# Orchid Mating



## chinomathboy (Dec 21, 2005)

Yes, finally... My pair of orchid was ready for mating this past Monday... I didn't let the male jump on the female... I put him there... And as soon as he realized he was on a female, he started drumming... It was definitely neat to look at... The female was fed 5 waxworms by me, and a few flies left in the container for her to catch. I witnessed mating a couple of times on Monday afternoon and night. I left them together til Tuesday afternoon. The male was still on her back. I fed her a few more waxworms and wax moths. She ate all of the flies I left for her on Monday. As soon as I put a few more in there on tuesday afternoon after her meals on waxworms, she snatched them right up. The COOL thing was, the male caught a fly while on her back as well... I made sure the female didn't turn around and ate them both... I took a few pictures, I will post them later tonight.... Now I will have to wait for her to lay her ootheca... And I will separate them tonight, since they have been together since monday morning.


----------



## ibanez_freak (Dec 21, 2005)

Wow,

I really hope to breed something like that. Well, good luck to that!

Cheers, Cameron.


----------



## chinomathboy (Dec 21, 2005)

HOpe you all enjoy... I sure enjoyed watching them...


----------



## Ian (Dec 21, 2005)

Nice one chen! Awsome pix...lets hope this leads to some offspring


----------



## Rick (Dec 21, 2005)

Size difference is amazing on those. Did he actually mate because in most of those pics he is just sitting on her back?


----------



## Andrew (Dec 21, 2005)

Congrats! How long did you wait to breed them after they molted into adult?

Thanks,

Andrew


----------



## chinomathboy (Dec 21, 2005)

Yes, they did mate on two different occasions, I just didn't want to bother them, so no pictures on those. It's quite interesting when the female is moving, the male is holding on to the female tightly with its head almost touching the female's back. And when she is stopped, he immediately drums on her back signaling her that he is still there. I didn't notice any aggression at all from the female, but I did make sure she was FULL at all time...

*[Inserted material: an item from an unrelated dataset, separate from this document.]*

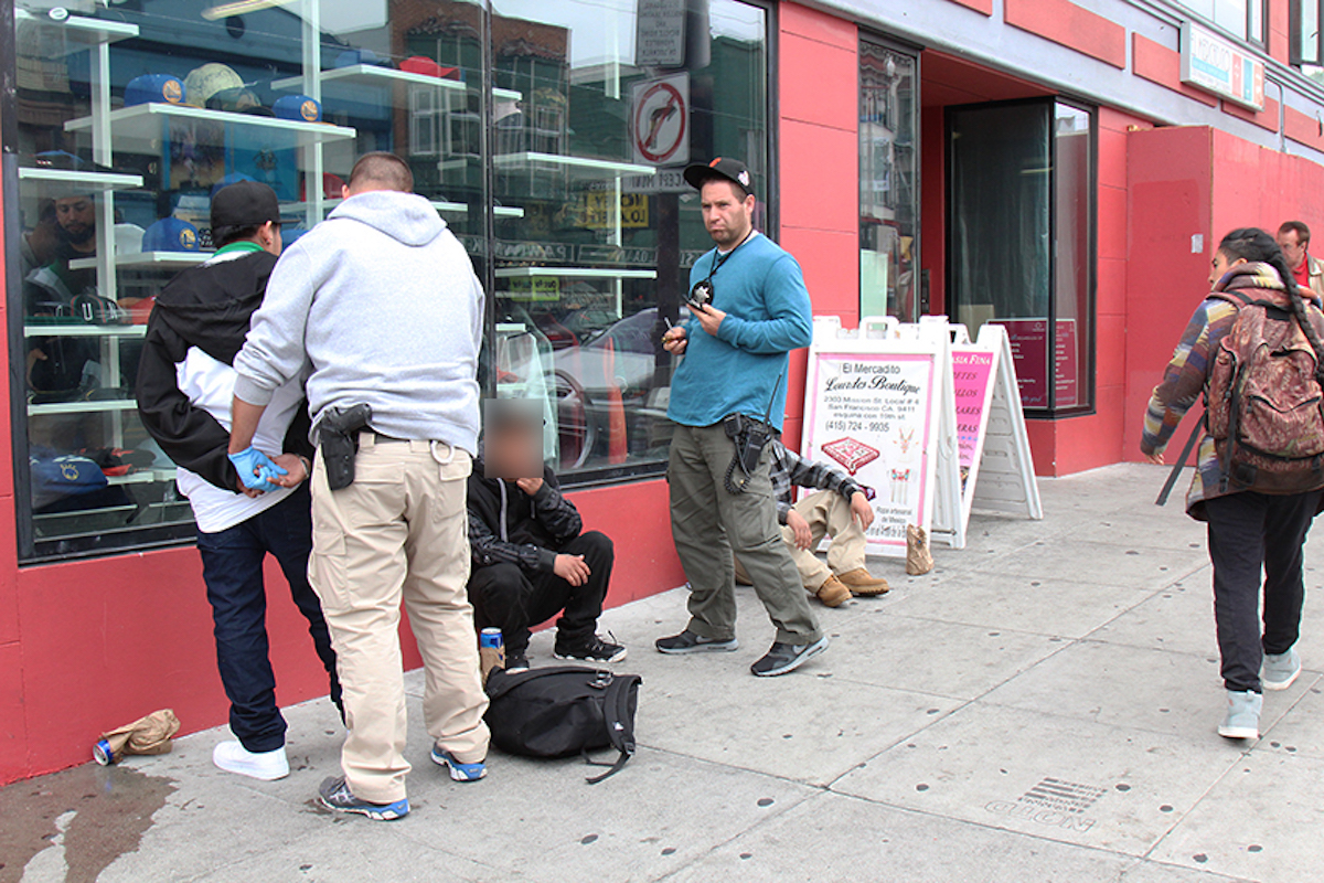 Men detained on 19th and Mission, 2018. Photo by Abraham Rodriguez.

They were allowed to mate when the female is 2 weeks old. However, I did put the male with the female when the male was two days old... I was curious what the male would do. He did drum, but I separate them shortly because I didn't want them to mate yet. The female actually did turn around swinging at him and flat her wings to get him off(she was roughly one week old then).

Hopefully everything will be fine, and I get plenty of nymphs available!

HAPPY HOLIDAYS!!


----------



## Andrew (Dec 21, 2005)

Thanks for the info.

Ive got a subadult pair that should be molting soon. Hopefully things will go as well as they did for you.

Good luck with them.

Thanks,

Andrew


----------



## Samzo (Dec 22, 2005)

Nice job, lovely pics. My male has been an adult for a while and the female is due :?


----------